A catástrofe

Manuel Gouveia

Se afastarmos a poeira dos dias, e olharmos para a verdadeira mecânica de cada processo, na falta de resposta a cada catástrofe encontramos os mesmos elementos estruturais que na falta de resposta mais geral às necessidades básicas do nosso povo.

Não é fácil fazê-lo. Não é fácil estudar seja o que for rodeado de grunhos aos berros: “50 anos de socialismo”, “é só corrupção”, “venha o salazar”. Já para não falar do irritante ruído das bolas de ping-pong entre os vários lados do consenso neoliberal, entre os vários executantes da política de direita: “PING, atrasaste-te na resposta”, “PONG, vocês estiveram no governo e não resolveram nada”, “PING, deixámos tudo planeado”, “PONG, nada estava estudado”, “PING, sois uns incompetentes”, “PONG, os incompetentes são vocês”...
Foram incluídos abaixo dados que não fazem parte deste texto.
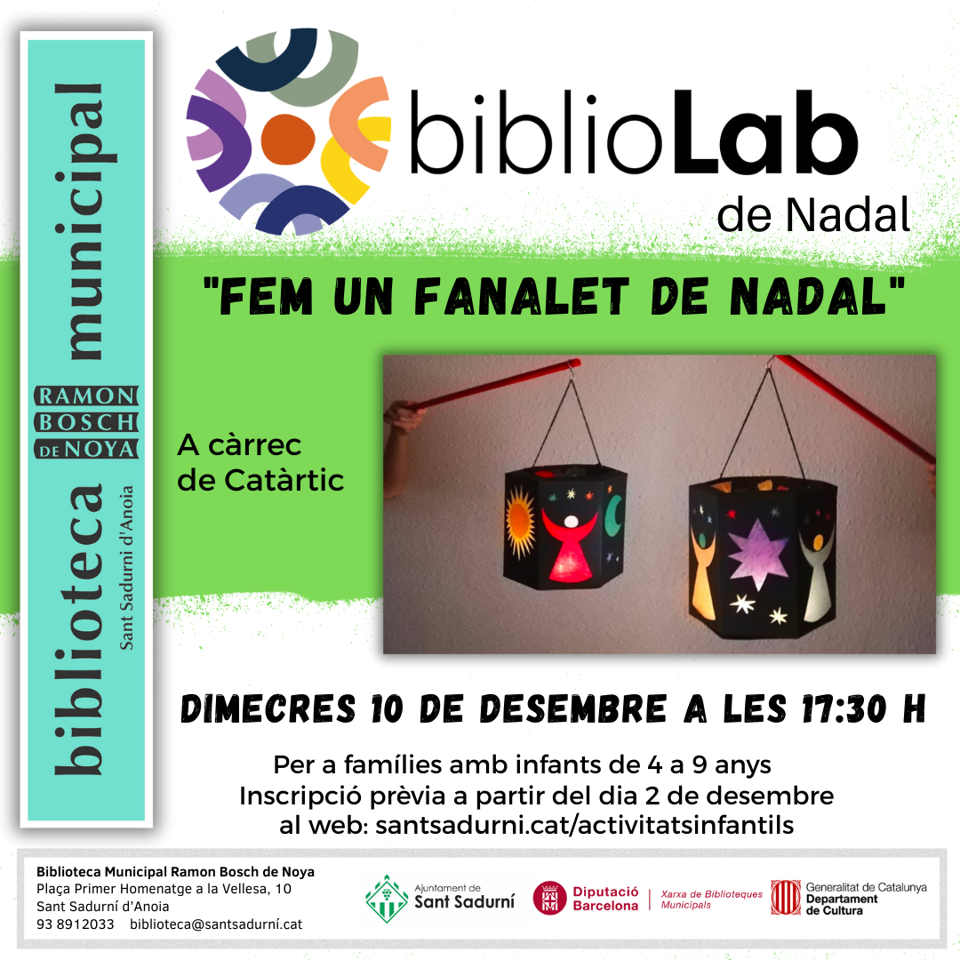 BiblioLab de Nadal "Fem un fanalet de Nadal" a càrrec de Catàrtic Per a famílies amb infants de 4 a 9 anys. Inscripció prèvia a partir del dia 2 de desembre

Mas façamos um esforço. Olhemos para a catástrofe em curso e que se vai agravar nos próximos dias com a abertura das barragens e o continuar da chuva. Porque não respondem a EDP, a sua E-Redes, a REN ou as várias Telecom? Com as equipas fixas reduzidas ao mínimo, baseiam a sua capacidade de resposta na subcontratação. Pagando salários miseráveis, promovem a fuga de trabalhadores especializados para a emigração quando não os organizam para irem trabalhar para elas em chorudos contratos no estrangeiro. Tudo subordinado ao lucro. Seria defenestrado o CEO que chegasse junto dos seus accionistas e lhes anunciasse ter aumentado os custos em 300 milhões para garantir uma melhor resposta operacional. O que importa é chegar ao final de 2026 atingindo novamente lucros de centenas de milhões de euros como atingiram em 2025. E já estão a tratar é de abocanhar a maioria dos apoios agora anunciados pelo Governo como se fossem dirigidos ao povo português.

Entre as medidas que não tomaram antes e aquelas que não querem tomar agora, entre a incapacidade estrutural de responder criada pelo seu modelo organizacional, a liberalização dos sectores estratégicos é um desastre que agrava todos os desastres. E ao sector público é imposto exactamente o mesmo modelo. Errado. Criminoso.